Backwards and in Heels on a Slip-n-Slide on a Fast-Moving Float Going Down Broadway with a Million People Throwing Rotten Eggs at You
The Times reports this morning that now that Hillary's been safely dispatched, some in the media are wondering if they were too hard on her. Others are wondering if it had anything to do with her being a woman. I think these are both valid questions, and I think they deserve more than the pat dismissal from the media they've gotten in this piece.
Here's the graphic The Times ran with its story...

...and it jibes with my own casual observations over the past months (see here, here, and here, for starters).
You'll note that the graph depicts "positive statements... made by reporters and nonpartisan sources," not by partisan commentators, who, like op-ed columnists in the print media, are expected to trash talk. Even readers of the Times sometimes don't understand the distinction.
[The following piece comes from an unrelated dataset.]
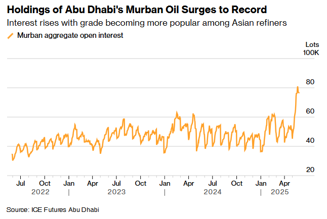 随着OPEC+提高供应配额,阿联酋旗舰原油的交易活动在本月飙升至有记录以来的最高水平。交易所数据显示,阿布扎比国际期货交易所的Murban原油期货全曲线的未平仓合约在本月早些时候升至8.1万手,为该合约自2021年3月推出以来的最高水平。

I read a lot of comments threads on columnists' blogs excoriating the columnist for expressing an opinion, which is precisely what they're paid to do.
But even columnists took it to an obsessive extreme that started to seem like the rantings of any ordinary borderliner with a blog. Maureen Dowd is still sputtering about Clinton. Her most recent post-Hillary post on Michelle Obama began with the words "Hillary and Bill." She's clearly going through withdrawal.
Operatives at MSNBC, home of many of the giddiest Hillary-bashers, dismiss the notion of media misogyny in the Democratic primary with arguments like "she brought it on herself," and "the Clinton campaign saw an opportunity to use it for their advantage. They were trying to rally a certain demographic, and women were behind it.”
Hmm. Color me unconvinced. My take on it is that her being a Clinton gave those in the press inclined to go there license to unleash their misogyny, but that it happened to be unleashed on Clinton didn't make it any less misogynistic, did it? Their ways of expressing their disdain for her, specifically, were not exactly gender-neutral. I didn't hear anyone calling Obama a "bitch," even at the lowest point of his popular coverage. Hostile commentators depended on age-old stereotypes, fears, and prejudices, which had little if anything to do with Clinton's capabilities as a candidate.
The press in a democracy is not supposed to be delicate, and never has been. Today's twenty-four hour news and the raucous blogosphere reflect our reality, even as they try to bend and shape it to their ends, better than at any point in time prior to our own. What you got with the campaign coverage of Clinton was a peek at a dark corner of the collective unconscious, as those who perceived her as personally unlikable were emboldened to attach age-old archetypes to her.